There is a tiny flaw in the Earth Overshoot concept. If your entries in the website questionnaire are those of somebody living en famille in a mud hut without running water, you will find that you are fine for the next twelve months; you require only one Earth. You will be, in World Bank terms, one of the two-thirds of mankind living on less than ten dollars a day. You will, however, says the same source, have much less chance of living through that year. You will die, on average, at around 60. I will die at around 80 (worrying: I am 81).
Earth Overshoot Day is an anxiety-inducing concept in the great Malthusian tradition (except that the Reverend Thomas Malthus did not ask for your money). To remind you, in 1798 he started the environmental doomsday movement with his pamphlet on population. This argued that since population tended to increase geometrically and food supply arithmetically, mass starvation was inevitable. It didn’t happen; more people grew more food more efficiently as demand increased and with it the price.
After the industrial revolution, the doomsters really got into their stride. In 1865 The Coal Question, an influential book by Stanley Jevons, argued that Britain would run out of coal in a few years. In 1914, the United States Bureau of Mines predicted that American oil reserves would last ten years. In both 1939 and 1951 the Department of the Interior said America’s oil would last 13 years. In fact US oil production roughly tripled between 2010 and 2020.
It is an indication of how much we relish worrying that another flat-footed prediction, from the Club of Rome, is still enjoying credibility. This group was created in 1968 as a self-appointed assemblage of the good and great to keep an eye on the health of the planet. In 1972 they said we were going to run out of stuff if we kept using it at the current rate.

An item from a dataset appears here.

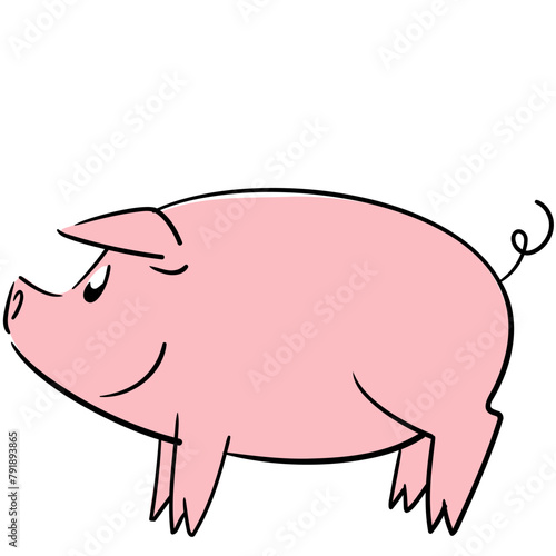 Cute little pig posing and smiling side view

The Club’s book arising from this, The Limits to Growth, received enormous attention. Particular interest was paid to its prediction that we would run out of oil (again) by 1990, along with just about everything else we extract. In fact, by that year known oil reserves were higher than they had been in 1972 and other minerals were equally abundant.

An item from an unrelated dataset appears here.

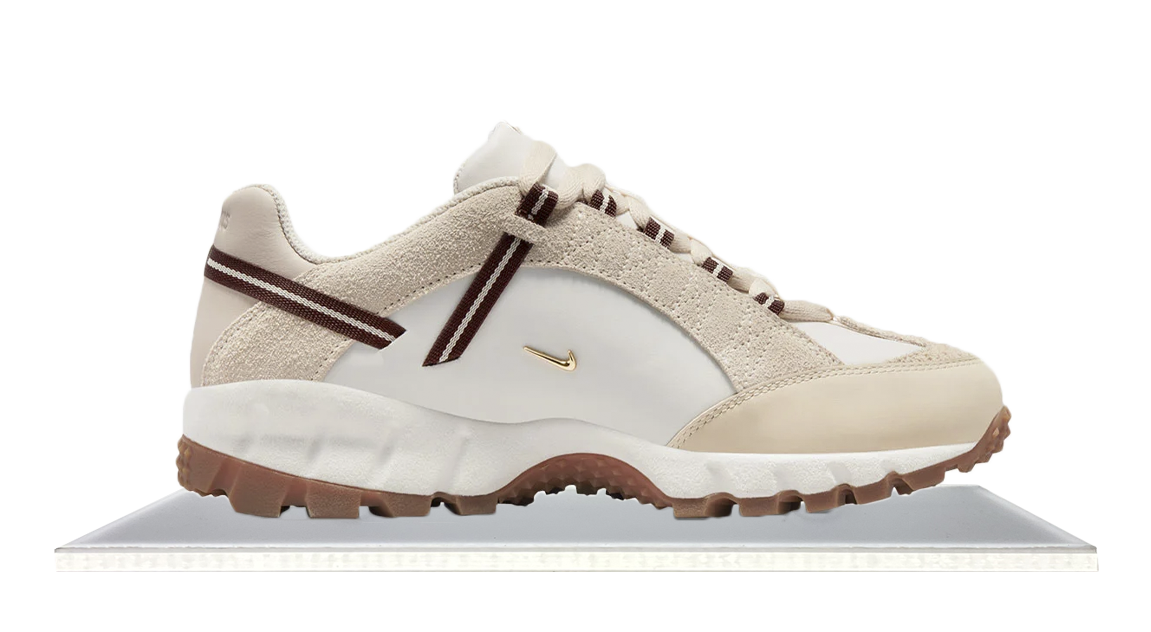 The Air Humara LX x Jacquemus Light Bone Gold is a shoe designed by french designer Simon Porte Jacquemus. He shared that the sneaker was designed with inspiration from vintage ACG pieces and Nike campaigns, and then of cause his own touch. So this shoe is a perfect fusion between Jacquemus himself, and Nike performance.

Exhaustion of our resources has not happened because when stuff gets short its price goes up and more stuff is worth mining (or farming for that matter) than before. So it is not going to come about for a very long time.

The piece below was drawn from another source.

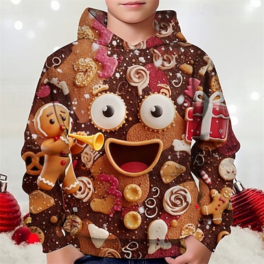 joulu Poikien 3D Kuvitettu Piparkakut miehet Huppari Pitkähihainen Kevät Syksy Muoti Katutyyli Lapset 4-12 vuotta Hupullinen ulko- Kausaliteetti Päivittäin Normaali

To give you a concrete example of what this supply and demand relationship means, take the lithium mines of Zimbabwe. There are four, three having come into existence since the success of the lithium-ion battery sent demand rocketing. These three are on long-known resources that became economic to develop as the price went up.
Lester Brown created the Worldwatch Institute in 1973 on the basis that population would soon outstrip food production. In 1994, after 21 years of getting it wrong, he was at last able to say: ‘After 40 years of record food production gains, output per person has reversed with unanticipated abruptness.’ Two jumbo harvests followed and the price of wheat fell to record lows. Nonetheless, Lester Brown continued to predict global starvation every year until he retired in 2015, when he was in his eighties. His success, like that of the Club of Rome, Earth Overshoot and the rest, depended on a highly reliable human attribute: bad news sells.
Since WWII it has been rather difficult to keep up the supply of bad news, for not only does economic growth push production up, it can also bring prices down. In 1980 Dr Paul Ehrlich, a prominent environmentalist and author (‘The battle to feed humanity is over. In the 1970s the world will undergo famines – hundreds of millions of people are going to starve to death’) bet an economist, Julian Simon, that shortages would drive the price of five minerals, tungsten, nickel, copper, chrome and tin, up in price over the next ten years.
Dr Simon won easily; all five minerals (and almost all others as well) fell in price during the 1980s. Dr Ehrlich, rather grudgingly, handed over a cheque for $570.07 in settlement.
Yes, we are the worrying animal. And make no mistake, this has been a vital contributor to our evolutionary success. Don’t bet on it, though.